**Exercise**
Output the whole listing exactly, except for the pictures in it.

***** Data below

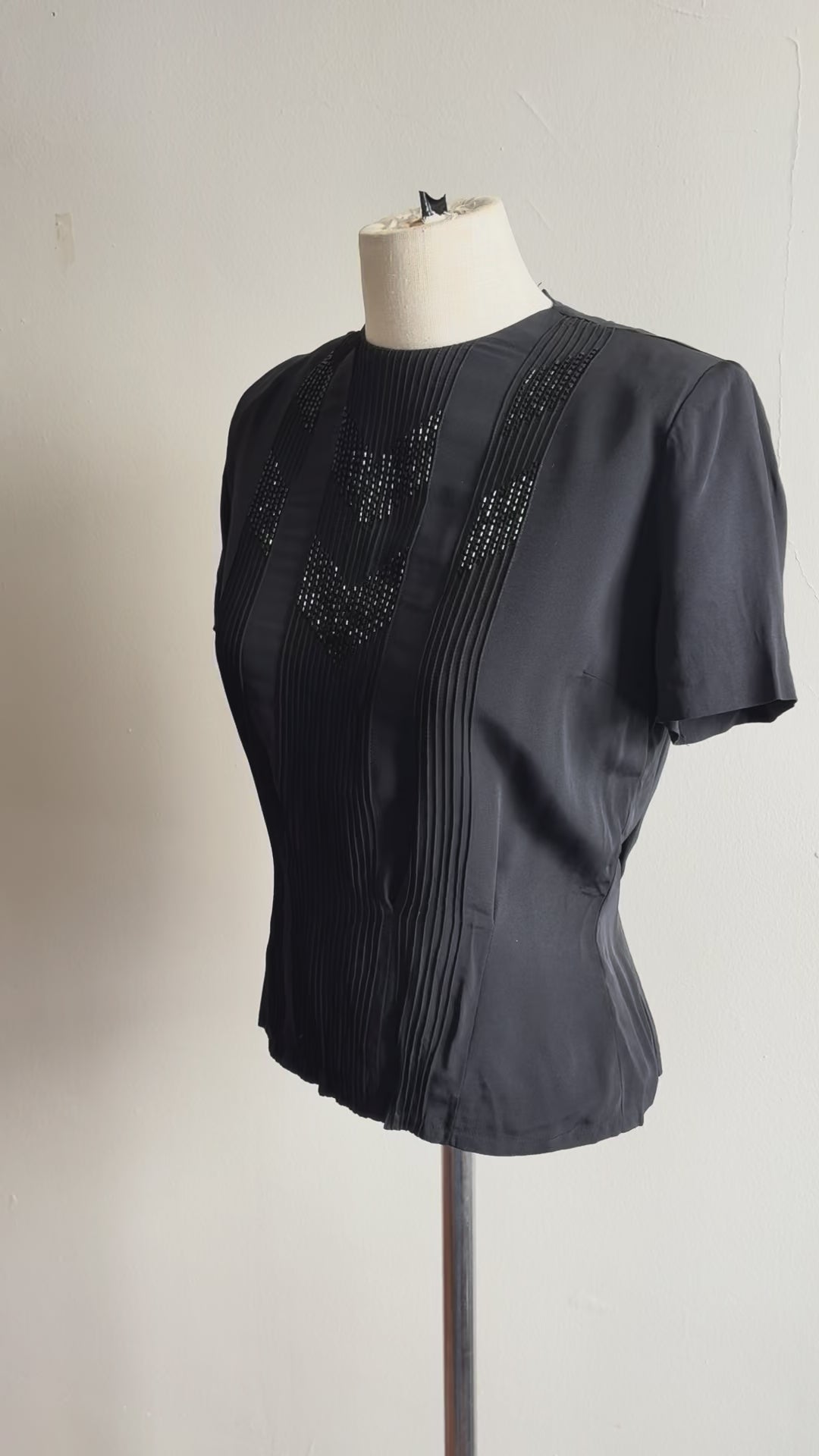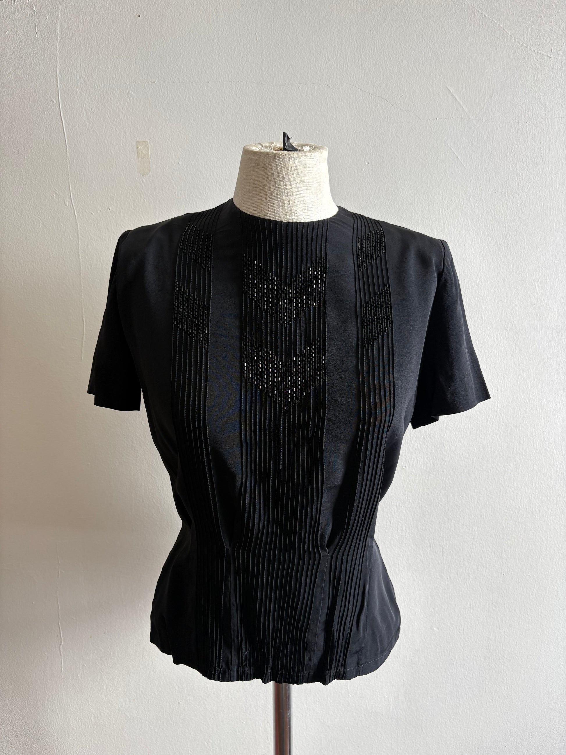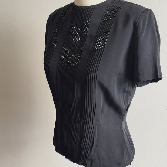 Vintage 1940s Hand Beaded Silk Short Sleeve Top
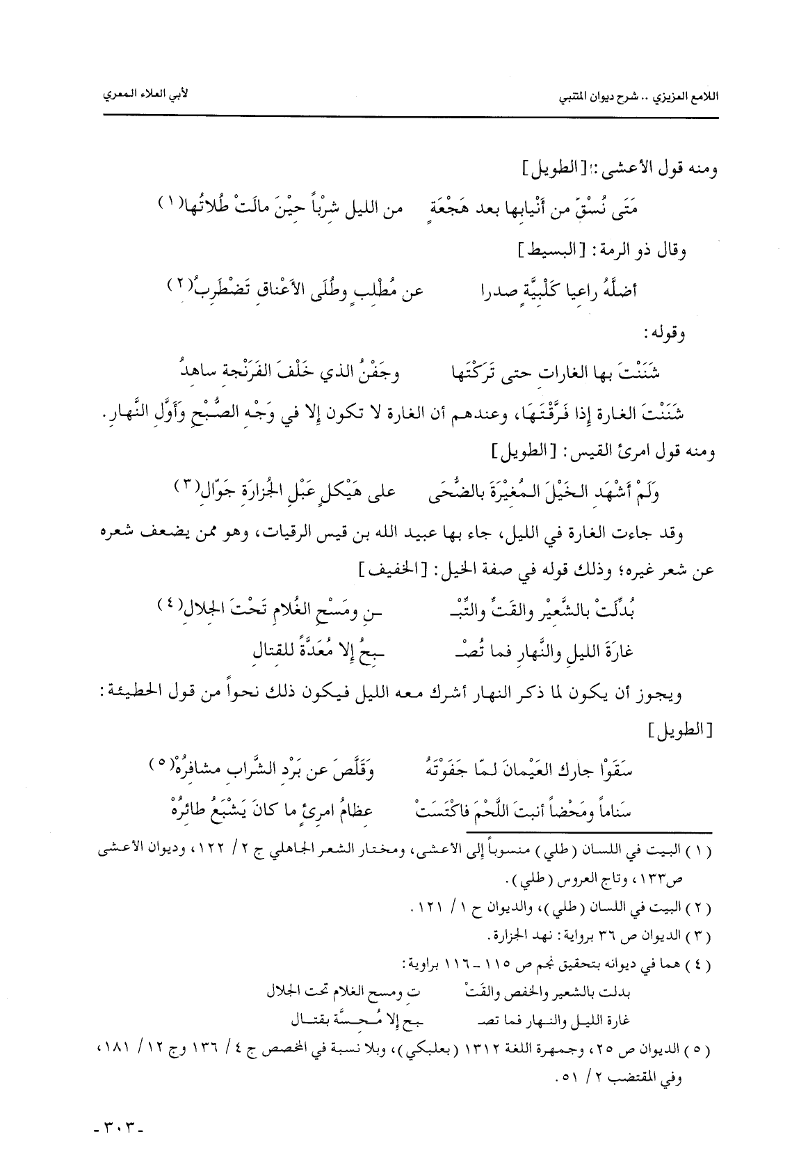 وقد جاءت الغارة في الليل, جاء بها عبيد الله بن قيس الرقيات, وهو ممن يضعف شعره عن شعر غيره؛ وذلك قوله في صفة الخيل: [الخفيف]
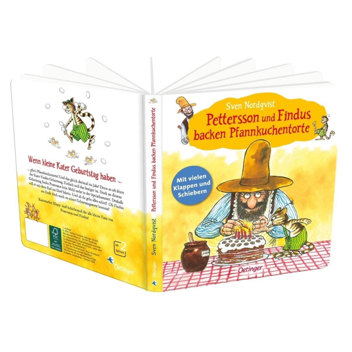 Oetinger Pettersson und Findus backen Pfannkuchentorte

**********

**Exercise response**
 Vintage 1940s Hand Beaded Silk Short Sleeve Top
 وقد جاءت الغارة في الليل, جاء بها عبيد الله بن قيس الرقيات, وهو ممن يضعف شعره عن شعر غيره؛ وذلك قوله في صفة الخيل: [الخفيف]
 Oetinger Pettersson und Findus backen Pfannkuchentorte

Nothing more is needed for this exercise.